Behavioral issues in the field of finance has gained importance in the last few decades as the traders started to behave irrationally and disagree with the rational asset pricing models. Herding behavior is just one of the behavioral finance topics which has gotten the attention of researchers especially for stock markets. Cryptocurrencies are the other trending topic in financial markets. This chapter focuses on herding behaviour in the cryptocurrency market, considering CSSD and CSAD approach for cryptocurrencies in CCI 30 Index.

CSSD results indicate that during the period from January 1, 2015 and December 31, 2018, there is no evidence of herd behaviour in the cryptocurrency market when CCI 30 index is taken as market portfolio for both 1 and 5% extreme tails.

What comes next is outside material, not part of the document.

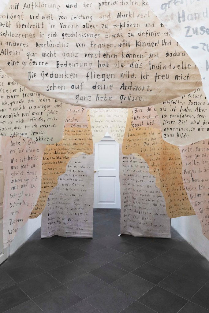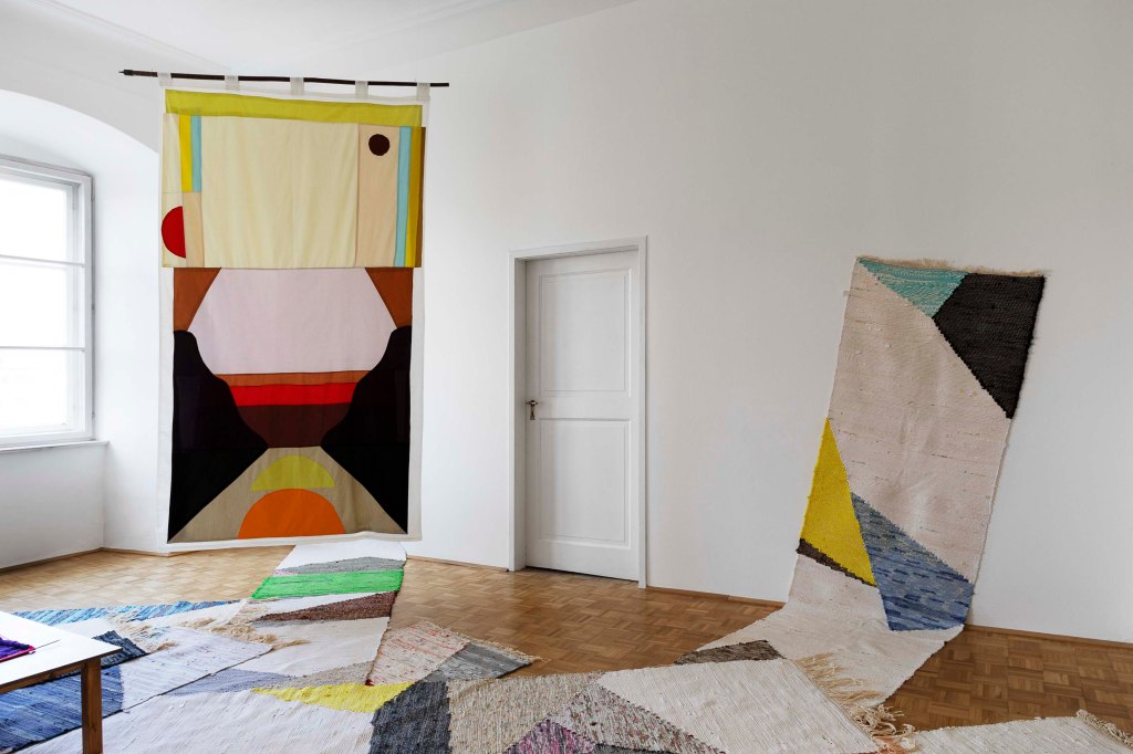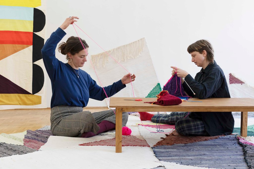 Die Ausstellung „Flirt“ könnte man auch als erste Annäherung begreifen, in der zwei in Innsbruck lebende Künstlerinnen den Versuch starten, ihre Arbeiten in Bezug zu setzen. Die gemeinsamen Themen sind ein philosophisches Hinterfragen der eigenen Identität und der Umwelt und die Auseinandersetzung mit weiblichen Rollenbildern und Erwartungshaltungen im Alltag von Frauen, denen man sich auch als Künstlerin nicht entziehen kann – das zeigt sich etwa in einem Raum mit gewebten Teppichen von Abendstein am Boden und angefangen Strickarbeiten, die so demonstrativ bereitstehen, als wäre das Publikum dazu angehalten, hier weiterzuarbeiten – zur klassischen Musik aus dem Ö1-Radioprogramm und mit Blick auf die Stoffbanner von Peterhans. Der heutige erneut aufflammende Trend zur Handarbeit wird in „Flirt“ aber nicht mit einer konservativen Häuslichkeit assoziiert, sondern als kollektive künstlerische und feministische Praxis präsentiert. Die Rauminstallation zeige das „Zuhause als Ort der (Selbst)begegnung und lasse sich kritisch als Kommentar auf eine Gesellschaft verstehen, „in der Menschen in einem Zustand innerer Abgekoppeltheit leben – von sich selbst, von der Natur und vom sozialen Gefüge.“ So lautet die Beschreibung im Pressetext.

CSAD findings also show that, α2 coefficient which is accepted as a proxy for herding behaviour is positive, but not statistically significant. Overall, given the findings of both methodologies, there is not statistically significant evidence that shows the presence of herd behaviour in the cryptocurrency market.

The findings of the both approaches are in line with the findings of the previous literature regarding the herding behaviour in cryptocurrencies. Bouri et al. (2018) and Vidal-Tomás et al. (2018) also investigates the herding behaviour in cryptocurrencies and in both studies empirical findings indicate the absence of herd behaviour in CSAD and CSSD methodologies, which can be interpreted as extreme price movements are explained by rational asset pricing models, just like the findings of this paper.